Studies were excluded if there was not enough information to determine what probe procedure was used, or procedures other than SOP or MOP were conducted to assess participants’ ability on chained tasks. In addition, if graphed data did not align with what was expected, given the number of steps reported in the article, it was excluded. For example, if a study reported that there were five steps in the task analysis (i.e., possible points at 0%, 20%, 40%, 60%, 80%, and 100%), but a data point hovered around 30%, it would be difficult to rely on the graphed results to make any conclusions.
Variables Coded
For each study that met the criteria, the following information was coded: (a) identifiable information (e.g., year, volume, authors), (b) independent and dependent variables, (c) targeted tasks (e.g., food preparation, social skills), (d) probe procedure (i.e., SOP, MOP), (e) reinforcement used in baseline and intervention, (f) research design, (g) number of total tiers and first tiers within the design, and (h) number of and age range of participants. The authors determined the code for the particular probe procedure in one of two ways: (a) the probe procedure used was explicitly stated in the manuscript or (b) the authors determined that the procedure used was MOP or SOP based on study descriptions. For example, if the procedures stated that the participant’s view was blocked and that the participant was given an opportunity to complete each step, it was scored as a MOP. Likewise, if the study stated that as soon as the participant engaged in an error, the session ended, it was scored as a SOP.

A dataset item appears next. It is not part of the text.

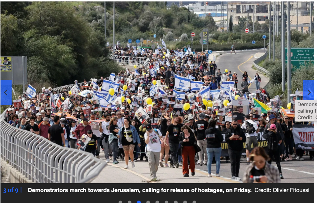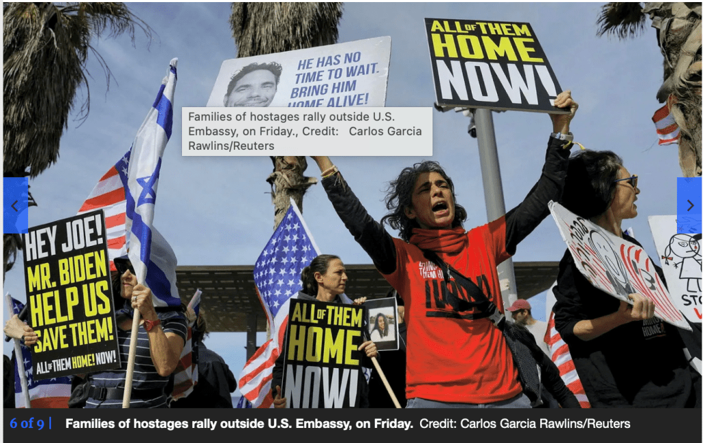 Familien und Freunde von noch im Gazastreifen festgehaltenen israelischen Geiseln halten derzeit eine Demonstration ausserhalb der Zweigstelle der US-amerikanischen Botschaft in Tel Aviv ab. Sie fordern die US-amerikanische Regierung und Präsident Joe Biden dazu auf, Druck auf die israelische Regierung auszuüben. Die soll endlich einer neuen Vereinbarung zur Freilassung der Geiseln zustimmen und nicht, wie bisher, sie mit immer neuen Bedingungen verzögern. Sprecher der Demonstranten betonten, dass die US-amerikanische Regierung bisher mehr für sie unternommen hat, als die israelische. «Wir wissen, dass der Weg zur Rückgabe der Geiseln in einem verantwortungsvollen Abkommen, das die Sicherheit des Landes und der gesamten Region wiederherstellt, über die US-Regierung mit Präsident Biden an der Spitze führt.»

Table 1 includes information on guidelines used to determine categorization between SOP and MOP procedures. As evident in Table 1, there are many similarities between the two probe procedures. The researchers set up the materials, provide a task direction, and give the participant a specific latency and duration to complete the first step in the chain. The difference between procedures in a SOP and MOP relates to how the researcher responds to participants’ errors. When examining articles included in the current review, the authors used the Snell and Brown (2000) descriptions to determine how the researchers responded to errors. These guidelines assisted with the identification of SOP and MOP when the articles did not explicitly state the probe procedure used.
After data were obtained from the articles, individual tiers from the studies were examined to analyze participants’ performance within and between baseline and intervention conditions. The first tier(s) of the multiple probe/baseline graphs in each article were isolated and de-identified. Only first tiers were included to eliminate added variance from extended baselines in subsequent tiers. The authors labeled each tier with a code to reference for further analysis. A conversion table was created; whereby, each coded tier included the number of steps and percentage value possible for correct completion of each step (available upon request from the first author). The table allowed the authors to look at each graph and quickly determine the number of steps correct for specific data points through visual inspection. For example, if the first data point hovered around 10% and the number of possible steps was 19, the table would reveal that 10.5% would equate to two steps correct for that data point.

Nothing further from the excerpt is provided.